- Poster
- Directed by: Sohanlal Kanwar
- Written by: Ved Rahi
- Screenplay by: Ram Kelkar
- Story by: Sachin Bhowmick
- Produced by: Sohanlal Kanwar
- Starring: Manoj Kumar; Raakhee; Pran; Prem Chopra; Premnath; Nazima;
- Cinematography: Radhu Karmakar
- Edited by: Nand Kumar
- Music by: Shankar Jaikishan
- Production company: Filmnagar
- Distributed by: Filmnagar
- Release date: 15 December 1972;
- Running time: 147 mins
- Country: India
- Language: Hindi

= Be-Imaan =

1972 film by Sohanlal Kanwar

Be-Imaan (lit. 'Dishonest') is a 1972 Hindi-language film directed by Sohanlal Kanwar.

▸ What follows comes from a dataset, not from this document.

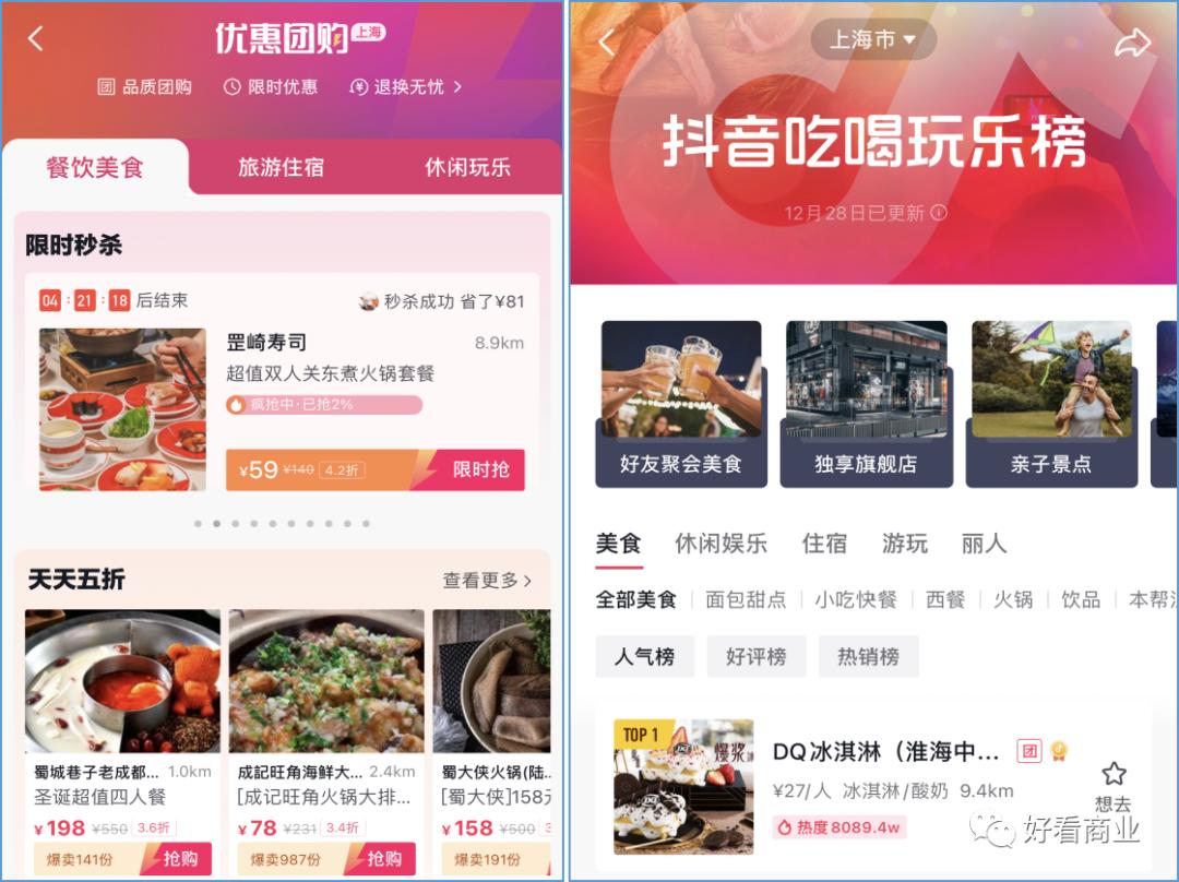目前,抖音APP“同城”界面已上线了“限时秒杀”和“热门榜单”,前者提供餐饮、酒旅、休闲娱乐的产品团购,用户可以直接下单;后者类似大众点评,按人气、好评、热销为用户提供提供吃喝玩乐相关的商家榜单。

The film stars Manoj Kumar, Raakhee, Premnath, Pran, Prem Chopra and Tun Tun. This film won 7 Filmfare Awards including best movie, best director and best actor.

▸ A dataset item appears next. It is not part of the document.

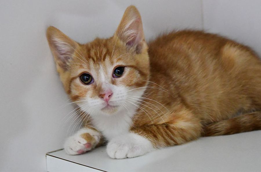 Just like all kittens, he would love a cat tree to climb on and scratch, and an assortment of toys to play with. He should be fed kitten food multiple times a day to ensure that he grow up big and strong.

The music is by Shankar Jaikishan. The film was remade in Tamil as En Magan with Sivaji Ganesan.

==Awards==
Won

- Best Film – Sohanlal Kanwar
- Best Director – Sohanlal Kanwar
- Best Actor – Manoj Kumar
- Best Supporting Actor – Pran
- Best Music Director – Shankar Jaikishan
- Best Lyricist – Verma Malik
- Best Male Playback Singer – Mukesh

Nominated
- Best Supporting Actress – Nazima

==Cast==
- Manoj Kumar as Mohan / Shyam
- Raakhee as Sapna
- Pran as Constable Ram Singh
- Prem Chopra as Deepak Das
- Nazima as Meena
- Premnath as D. I. G. Gopal Das
- Sulochana Latkar as Mrs. Gopal Das
- Raj Mehra as Seth Jamna Das
- Snehlata as Kamini
- Rajpal

==Soundtrack==
All lyrics were written by Verma Malik and music was composed by Shankar Jaikishan.

| # | Title | Singer(s) |
|---|---|---|
| 1 | "Hum Do Mast Malang" | Kishore Kumar, Mahendra Kapoor |
| 2 | "Patla Patla Reshmi Roomal" | Mahendra Kapoor, Asha Bhosle |
| 3 | "Jai Bolo Be-Imaan Ki" | Mukesh |
| 4 | "Dekhoji Raat Ko Julam Ho Gaya" | Asha Bhosle |
| 5 | "Yeh Raakhi Bandhan Hai Aisa" | Mukesh, Lata Mangeshkar |
| 6 | "Ek Ek Ginwata Hoon" | Mukesh |
| 7 | "Main To Chali Hoon Wahan" | Sharda, Asha Bhosle |

== Reception ==

- 20th Filmfare Awards

Won

- Filmfare Best Movie Award
- Filmfare Best Actor Award for Manoj Kumar
- Filmfare Best Director Award for Sohanlal Kanwar
- Filmfare Best Music Director Award for Shankar Jaikishan
- Filmfare Best Male Playback Award for Mukesh
- Filmfare Best Lyricist Award for Verma Malik
- Filmfare Best Supporting Actor Award for Pran, who refused to accept on the grounds that the Filmfare Award for Best Music should have gone to Ghulam Mohammed and Naushad for Pakeezah and not Shankar Jaikishan for Be-Imaan.